14h je viens de croiser les deux tourtereaux attablés à une table d’une aire de pique nique, ils doivent s’arrêter à peu près toutes les heures. La route monte, descend et remonte évitant l’autoroute et le chantier de ce que je suppose être une future voie de chemin de fer à grande vitesse. Le soleil cogne. Soudain un « Buen camino !» retentit au droit d’un abribus, un pèlerin y fait
une pause casse-croûte, à l’ombre.
14h50 je suis dans l’auberge très moderne de Bendoiro, il n’y a pas un chat.
Un peu plus tard il arrivera trois Espagnols, grands arpenteurs de Camino, qui le soir, au restaurant, m’inviteront à partager leur table.
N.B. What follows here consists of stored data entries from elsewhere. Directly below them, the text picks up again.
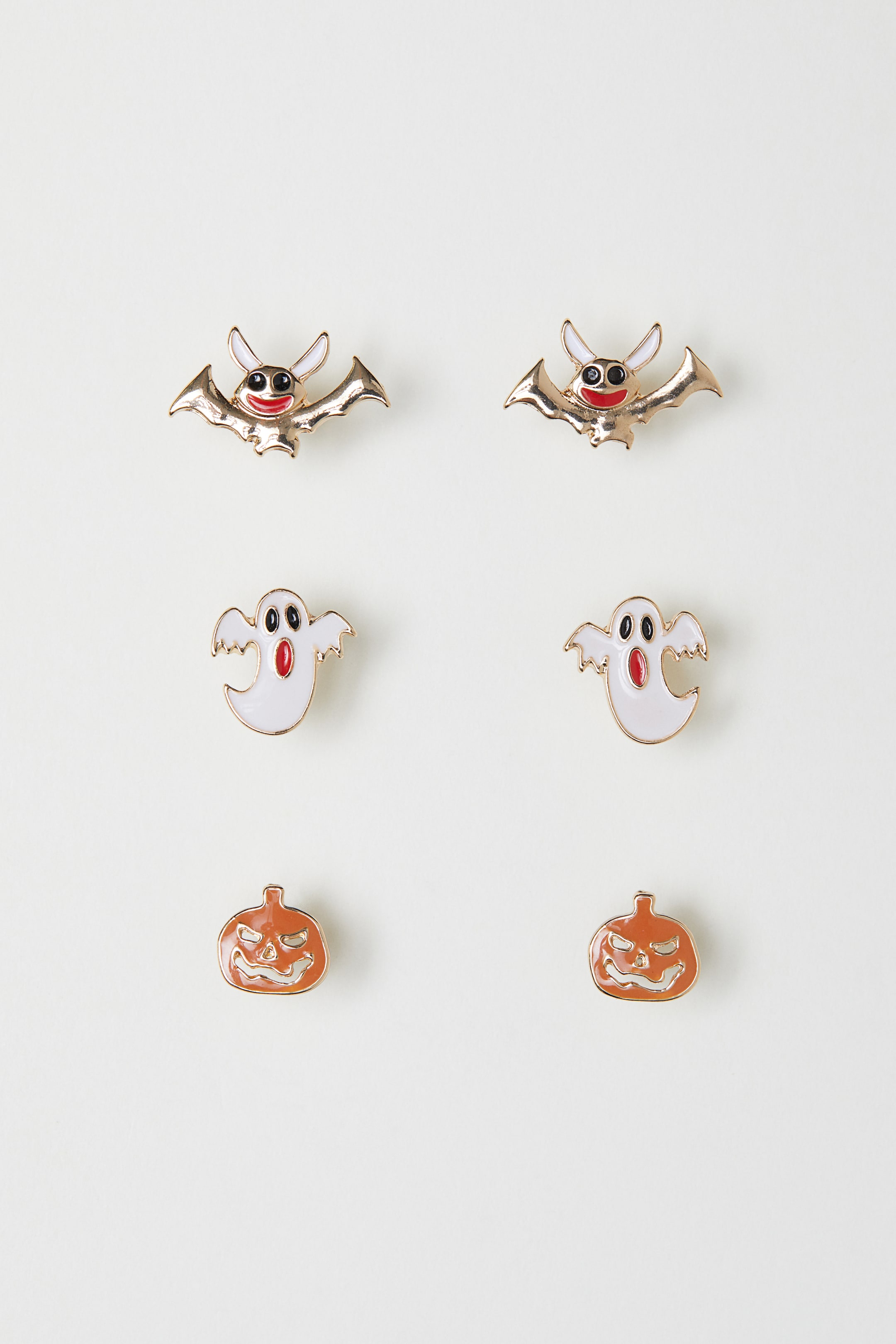 Kleine oorbellen van metaal met geëmailleerde details. Afmetingen 1 cm tot 2 cm.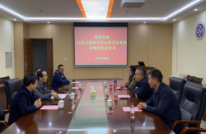 雷先阳书记对内蒙古医科大学公共卫生学院的来访表示热烈欢迎,并对学院基本情况进行了介绍。交流会上,胡国清院长从学科发展、人才培养、师资队伍、科学研究和平台建设等方面简要介绍了学院近年来所取得的进展和学院之后的重点科研方向。随后,双方就本科生实验教学基地建设、学生培养等方面进行探讨。
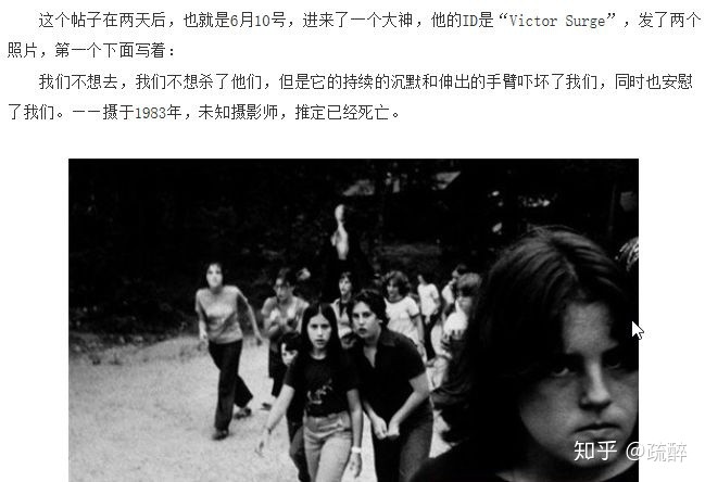 在原文中,Victor Surge只发了两张照片,每一张下都有文字说明,而这两张照片也在日后成了瘦长鬼影的源头。

Nous y confronterons nos expériences dans un sabir franco-espagnol très sympathique.
Petit à petit l’idée d’en finir et d’aller demain d’une traite à Santiago à une cinquantaine de kilomètre s’installe dans ma tête.
Pour Anne
Bonjour,
Donc la prochaine fois je me laisserai tenter sans crainte par les croûtons à l’huile.
Pour l’arrivée à Santiago cela ne saurait plus tarder, je traine un peu les pieds, mais tout doit avoir une fin ;o)
Amitié jacquaire
Pierre
Re: De Oseira à Bendoiro : 29 km
Bonjour Pierre,
« …une autre fois peut-être… » : vous avez bien raison de vouloir tenter cette dégustation !
A Campiello, sur le Primitivo, un grand plat de croûtons de pain, bien imbibés d’ huile, nous avait été présenté, pour le petit-déjeuner, aux quatre qui étions là.
Quelques préventions de ma part, me demandant comment pouvoir faire l’ étape, ensuite…
Mais, présenté comme une gâterie par l’ hospitalera, impossible de refuser !
Ce pain s’ est avéré une véritable gourmandise et n’ a pesé en rien dans les dénivelés du sentier de Los Hospitales (une variante).
A goûter !
Bonne arrivée à Santiago, Pierre. Et bonne journée… en attendant.